The vulnerability was disclosed by Google to Epic Games on 15 August, and has since been patched.
The vulnerability was disclosed by Google to Epic Games on 15 August, and has since been patched.
In an issue tracker post titled ‘Fortnite Installer downloads are vulnerable to hijacking’, Google has disclosed a serious vulnerability in Epic’s first Fortnite installer for Android .
Google found that the vulnerability allowed hackers to download and install absolutely any app in the background, without seeking the consent or permission of the user. To top that, these app would have full access granted, without the knowledge of the user.
This vulnerability was disclosed by Google to Epic Games on 15 August, and has since released the information publicly following confirmation from Epic that the vulnerability was patched.
What is Fortnite Installer app?
For the uninitiated, the Fortnite Installer is a simple app that you download and install, which then subsequently downloads the full Fortnite game directly from Epic. Basically this is because when you download Fortnite you don’t actually download the whole game, you download the Fortnite Installer first.
What exactly happens because of the vulnerability?
Now, Google’s security team found out that the Fortnite Installer is very susceptible to a hijack, and so everytime you request to download Fortnite from Epic, there is a chance that it would download any other random app instead.
Google calls it » man-in-the-disk » attack.
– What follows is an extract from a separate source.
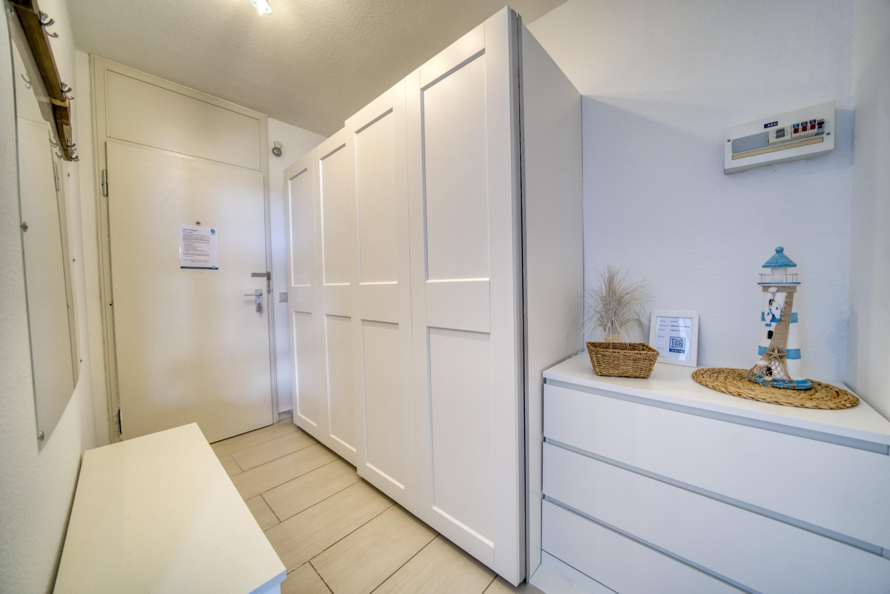 Wohn-/Schlafraum mit Doppelbett, separates Schlafzimmer mit Etagenbett. Gemütlicher Essbereich, Laminatboden, Balkon mit Weitblick. Küche mit Ceranherd, Kühlschrank mit Gefrierfach, Mikrowelle, Toaster, Filterkaffeemaschine und Wasserkocher. Bad mit Duschkabine und Handtuchtrockner. Bonus: WLAN und Eintritt „Schatzinsel“. Nichtraucher, keine Haustiere, Fahrstuhl, Fahrradräume, Parkplatz vorhanden. Strand ca. 300?m. Ferienpark mit Schwimmbad, Sauna, Wellness, Geschäften und Kinderspielwelt.

Android Central defines this as a scenario “when an app on your phone looks for requests to download something from the internet and intercepts that request to download something else instead, unbeknownst to the original downloading app. This is possible purely because the Fortnite Installer was designed improperly — the Fortnite Installer has no idea that it just facilitated the malware download, and tapping ‘launch’ even launches the malware.”
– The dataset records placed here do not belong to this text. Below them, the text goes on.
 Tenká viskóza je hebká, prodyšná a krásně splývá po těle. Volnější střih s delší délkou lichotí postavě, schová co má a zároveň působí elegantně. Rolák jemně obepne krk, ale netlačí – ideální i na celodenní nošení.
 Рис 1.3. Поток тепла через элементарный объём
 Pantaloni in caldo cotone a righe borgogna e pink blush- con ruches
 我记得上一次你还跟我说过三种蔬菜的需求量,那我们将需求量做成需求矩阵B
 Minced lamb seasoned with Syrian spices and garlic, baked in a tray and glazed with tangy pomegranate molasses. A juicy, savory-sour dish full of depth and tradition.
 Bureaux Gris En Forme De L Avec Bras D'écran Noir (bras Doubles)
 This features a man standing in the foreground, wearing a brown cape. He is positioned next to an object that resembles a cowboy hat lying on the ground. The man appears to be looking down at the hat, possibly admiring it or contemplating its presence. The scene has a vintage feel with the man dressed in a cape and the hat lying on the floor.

Fortunately, Epic acted quick on this and it says it fixed the issue in less than 48 hours after being notified. Epic says that it has deployed the fix to every Fortnite Installer, which had been installed previously.
Which means, it is safe for new users to download the Fortnite Installer, and for the ones who already had it, you need to update the Installer to the version 2.1.0, which you can check for by launching the Fortnite Installer and going to its settings.